Section: Miscellaneous Functions

Function: sqr()

Synopsis: Returns the square of the given value.

Topics: Math

See Also: hypot(), log2()

Usage:

  • x2 = sqr(x);

Description:

If given a number, returns the square of that number, If given a vector, returns the sum-of-squares/dot product of the vector elements. If given a matrix, returns the matrix multiplication of the matrix with itself.

Example 1:

include <BOSL2/std.scad>
sqr(3);     // Returns: 9
sqr(-4);    // Returns: 16
sqr([2,3,4]); // Returns: 29
sqr([[1,2],[3,4]]);  // Returns [[7,10],[15,22]]




Function: log2()

Synopsis: Returns the log base 2 of the given value.

Topics: Math

See Also: hypot(), sqr()

Usage:

  • val = log2(x);

Description:

Returns the logarithm base 2 of the value given.

Example 1:

include <BOSL2/std.scad>
log2(0.125);  // Returns: -3
log2(16);     // Returns: 4
log2(256);    // Returns: 8




Function: hypot()

Synopsis: Returns the hypotenuse length of a 2D or 3D triangle.

Topics: Math

See Also: sqr(), log2()

Usage:

  • l = hypot(x, y, [z]);

Description:

Calculate hypotenuse length of a 2D or 3D triangle.

Arguments:

By Position What it does
x Length on the X axis.
y Length on the Y axis.
z Length on the Z axis. Optional.

Example 1:

include <BOSL2/std.scad>
l = hypot(3,4);  // Returns: 5
l = hypot(3,4,5);  // Returns: ~7.0710678119




Function: factorial()

Synopsis: Returns the factorial of the given integer.

Topics: Math

See Also: hypot(), sqr(), log2()

Usage:

  • x = factorial(n, [d]);

Description:

Returns the factorial of the given integer value, or n!/d! if d is given.

Arguments:

By Position What it does
n The integer number to get the factorial of. (n!)
d If given, the returned value will be (n! / d!)

Example 1:

include <BOSL2/std.scad>
x = factorial(4);  // Returns: 24
y = factorial(6);  // Returns: 720
z = factorial(9);  // Returns: 362880




Function: binomial()

Synopsis: Returns the binomial coefficients of the integer n.

Topics: Math

See Also: hypot(), sqr(), log2(), factorial()

Usage:

  • x = binomial(n);

Description:

Returns the binomial coefficients of the integer n.

Arguments:

By Position What it does
n The integer to get the binomial coefficients of

Example 1:

include <BOSL2/std.scad>
x = binomial(3);  // Returns: [1,3,3,1]
y = binomial(4);  // Returns: [1,4,6,4,1]
z = binomial(6);  // Returns: [1,6,15,20,15,6,1]

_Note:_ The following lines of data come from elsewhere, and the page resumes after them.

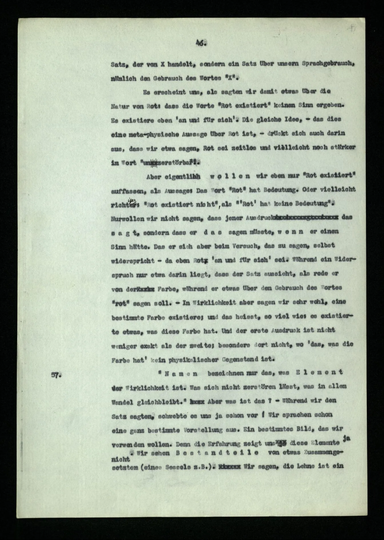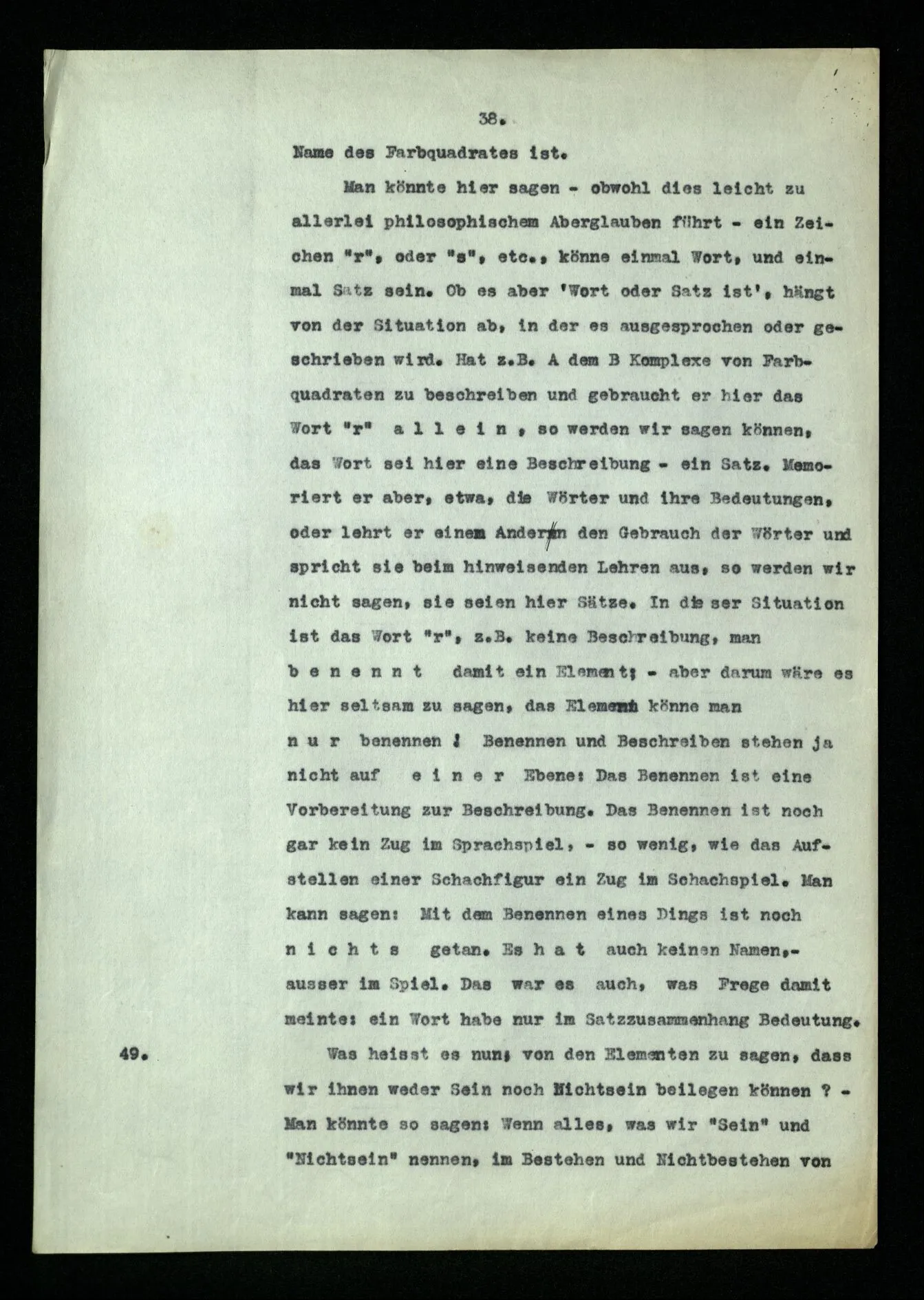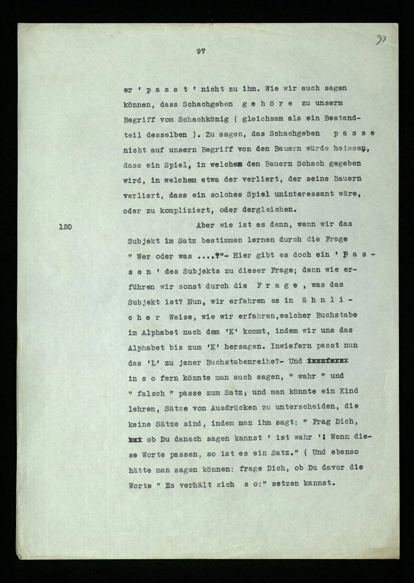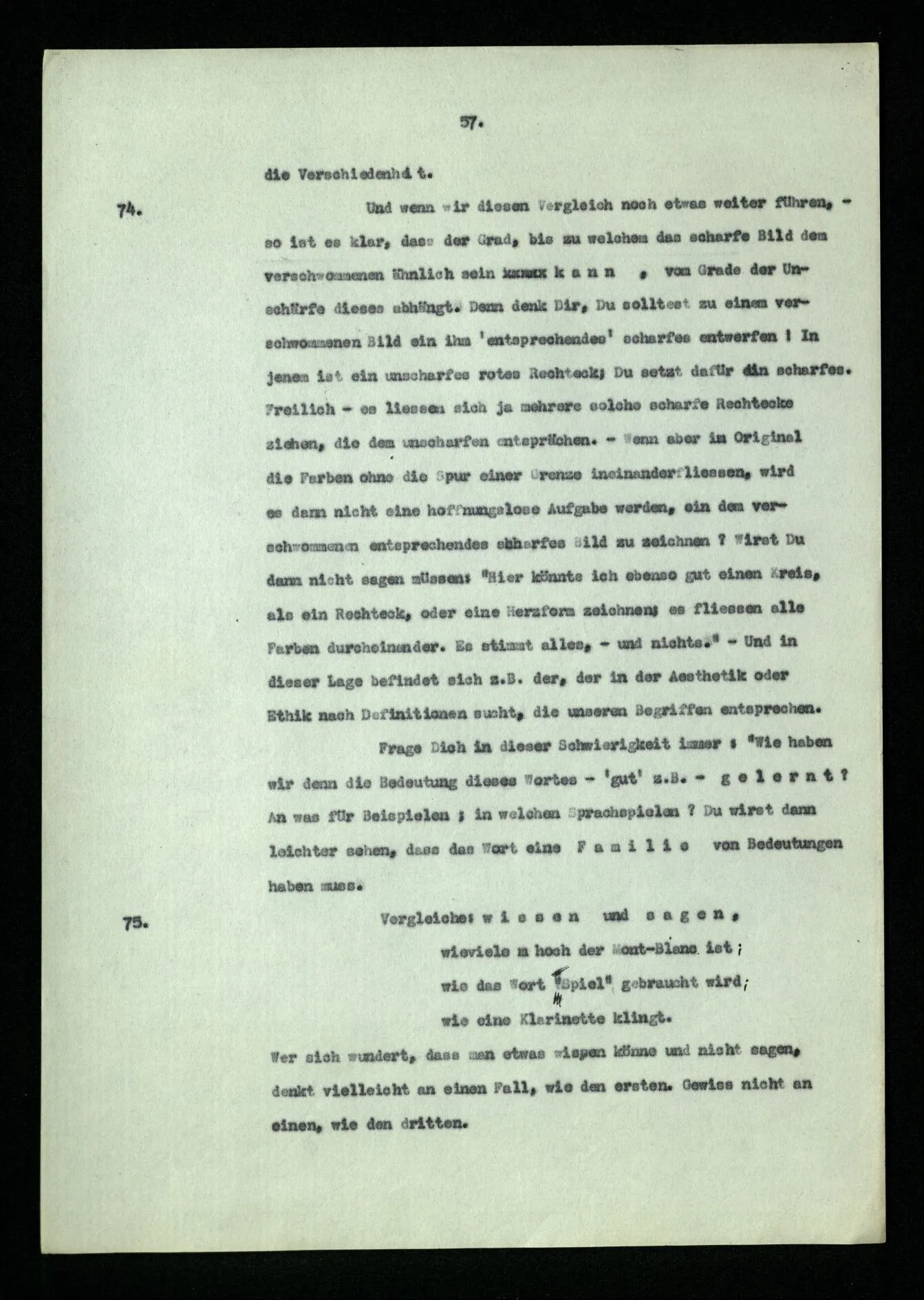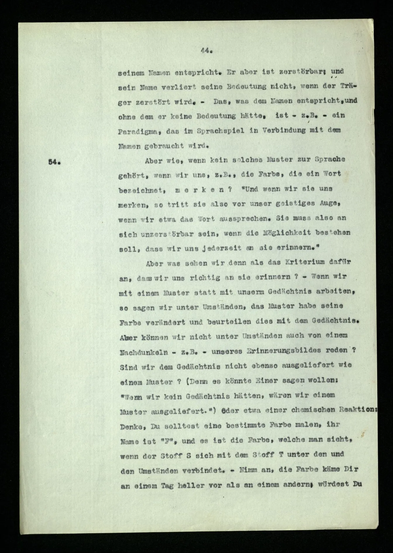 22. Man hat freilich das Recht ein Behauptungszeichen zu verwenden im Gegensatz z.B. zu einem Fragezeichen. Irrig ist es nur, wenn man meint, daß die Behauptung nun aus zwei Akten besteht, dem Erwägen und dem Behaupten (Beilegen des Wahrheitswerts, oder dergleichen) und daß wir diese Akte nach den Zeichen des Satzes vollziehen, ungefähr wie wir nach Noten singen. Mit dem Singen nach Noten ist allerdings das laute, oder leise, Lesen nach dem geschriebenen Satz zu vergleichen, aber nicht das ‘Meinen’ (Denken) des gelesenen Satzes.
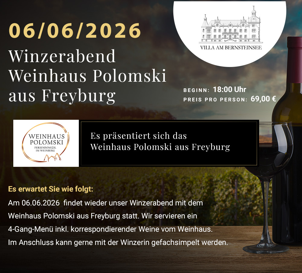Wir servieren dazu ein 4 Gang Menü inkl. korrespondierender Weine für 69,00 € pro Person für Wein und Menü. Im Anschluss kann gerne mit dem Winzer noch gefachsimpelt werden.
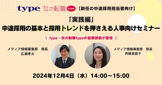 転職サイト「type」では、12/4(水)14時より、「【新任の中途採用担当者向け】「実践編」中途採用の基本と採用トレンドを押さえる人事向けセミナー」を開催いたします。
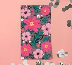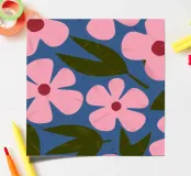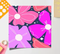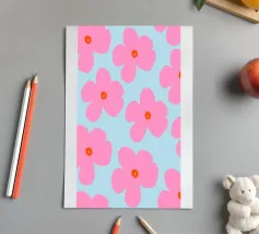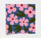 A seamless pattern of stylized pink flowers with yellow centers on a solid dark blue background. The simple, bold forms create a classic and cheerful floral design with a modern, graphic appeal.
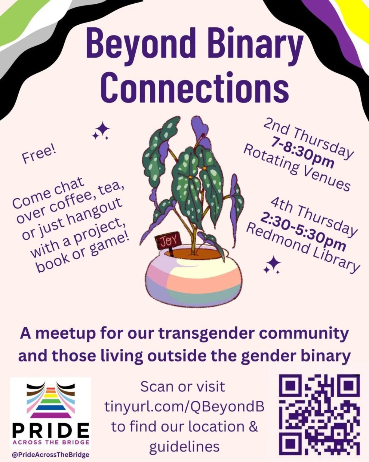 Pride Across the Bridge and the Redmond Library are co-creating a sapphic-centered book club for queer adults! Whether you’re into queer classics, messy drama, or soft sapphic stories—this space is for you. Join us for something joyful, cozy, and community-rooted. Meetings are on the 3rd Sunday of the month in 2026!
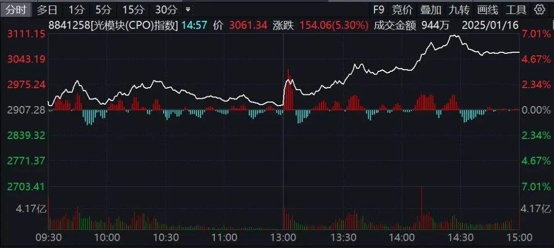 A股冲高回落,三大指数收涨。通信设备概念股全线走强,CPO概念领涨。 今日,A股小幅震荡,主要股指涨跌互现,北证50指数涨逾2%,再创年内新高,科创50指数则冲高回落跌逾2%。上涨个股多于下跌个股,成交温和放大至1.29万亿元。 盘面上,家用电器、小红书概念、小盘国企、通信设备等板块涨幅居前,半导体、酿酒、人形机器人、物流等板块跌幅居前。 Wind实时监测数据显示,通信获得近62亿元主力资金净流入,机械设备获得逾47亿元净流入,商贸零售、有色金属均获得超30亿元净流入,银行、基础化工、家用电器等也均获得超20亿元净流入。电子主力资金净流出逾40亿元,食品饮料、非银金融等也净流出超亿元。 展望后市,华西证券(002926)表示,跨年以来A 股市场超跌,指数有技术性反弹的需求。A股前期下跌主要受到海外再通胀担忧扰动,而非国内经济基本面因素。美国当选总统特朗普正式就职后,A股市场有望再次交易两会政策预期,一轮春季行情或正在酝酿。行业配置上,AI+、人形机器人、低空经济、国产替代等“新质牛”相关主题仍是春季行情主线。 东兴证券预计,春季行情有望开启,市场调整给了较好的布局时机,目前阶段不是恐慌担忧的时候,而是积极布局全年投资机会的时候,看好大科技和大消费两个方向。大科技板块主要关注人形机器人、AI 应用、低空等代表先进生产力发展的方向,大消费更多关注政策导向的方向,家电、消费电子、文旅消费、医美、食品饮料等方向值得重点关注。 市场热点方面,通信设备概念股全线走强,CPO概念领涨,板块指数高开高走涨逾5%。天孚通信(300394)尾盘拉升20%涨停,成交较昨日激增200%以上,创历史天量,罗博特科(300757)、博创科技(300548)、方正科技(600601)等涨停或涨超10%。 铜缆高速连接、光通信、量子科技、数据中心等板块也强势上攻,天融信、共进股份(603118)、泰嘉股份(002843)、汇洲智能等批量涨停。 消息面,据外媒报道,英伟达将于3月的“GTC大会”上推出用于共封装光学(CPO)的光交换机,作为降低人工智能服务器功耗与发热举措的一部分。预计试产工作顺利进行,8月份即可量产。 中信证券称,海外AI算力产业链延续高景气,光模块龙头业绩快速增长。同时,国内AI算力链有望逐步释放业绩,AIDC、交换机、液冷等领域龙头订单显著提升。重点推荐运营商、光模块、连接器、AIDC、液冷、物联网、交换机等细分龙头。 家电股在新的以旧换新政策促进下全面走强,厨卫电器、黑色家电、小家电、智能家居等细分板块均涨幅居前。浙江美大(002677)、万和电气(002543)、帅丰电器、深康佳A(000016)等批量涨停。 银河证券指出,以旧换新政策驱动下,家电内销表现显著改善,家电企业积极推动新兴市场拓展,全球份额稳步提升,行业景气持续迎来正反馈。建议关注三条投资主线:一、有望受益于内外销改善的白电龙头;二、有望受益于行业格局优化和地产端筑底改善的厨电龙头;三、积极推动渠道拓展、加快新品投放的清洁电器。 本文首发于微信公众号:e公司。文章内容属作者个人观点,不代表和讯网立场。投资者据此操作,风险请自担。 (责任编辑:宋政 HN002)

Function: binomial_coefficient()

Synopsis: Returns the k-th binomial coefficient of the integer n.

Topics: Math

See Also: hypot(), sqr(), log2(), factorial()

Usage:

  • x = binomial_coefficient(n, k);

Description:

Returns the k-th binomial coefficient of the integer n.

Arguments:

By Position What it does
n The integer to get the binomial coefficient of
k The binomial coefficient index

Example 1:

include <BOSL2/std.scad>
x = binomial_coefficient(3,2);  // Returns: 3
y = binomial_coefficient(10,6); // Returns: 210




Function: gcd()

Synopsis: Returns the Greatest Common Divisor/Factor of two integers.

Topics: Math

See Also: hypot(), sqr(), log2(), factorial(), binomial(), lcm()

Usage:

  • x = gcd(a,b)

Description:

Computes the Greatest Common Divisor/Factor of a and b.


Function: lcm()

Synopsis: Returns the Least Common Multiple of two or more integers.

Topics: Math

See Also: hypot(), sqr(), log2(), factorial(), binomial(), gcd()

Usage:

  • div = lcm(a, b);
  • divs = lcm(list);

Description:

Computes the Least Common Multiple of the two arguments or a list of arguments. Inputs should be non-zero integers. The output is always a positive integer. It is an error to pass zero as an argument.


Section: Hyperbolic Trigonometry

Function: sinh()

Synopsis: Returns the hyperbolic sine of the given value.

Topics: Math, Trigonometry

See Also: cosh(), tanh(), asinh(), acosh(), atanh()

Usage:

  • a = sinh(x);

Description:

Takes a value x, and returns the hyperbolic sine of it.


Function: cosh()

Synopsis: Returns the hyperbolic cosine of the given value.

Topics: Math, Trigonometry

See Also: sinh(), tanh(), asinh(), acosh(), atanh()

Usage:

  • a = cosh(x);

Description:

Takes a value x, and returns the hyperbolic cosine of it.


Function: tanh()

Synopsis: Returns the hyperbolic tangent of the given value.

Topics: Math, Trigonometry

See Also: sinh(), cosh(), asinh(), acosh(), atanh()

Usage:

  • a = tanh(x);

Description:

Takes a value x, and returns the hyperbolic tangent of it.


Function: asinh()

Synopsis: Returns the hyperbolic arc-sine of the given value.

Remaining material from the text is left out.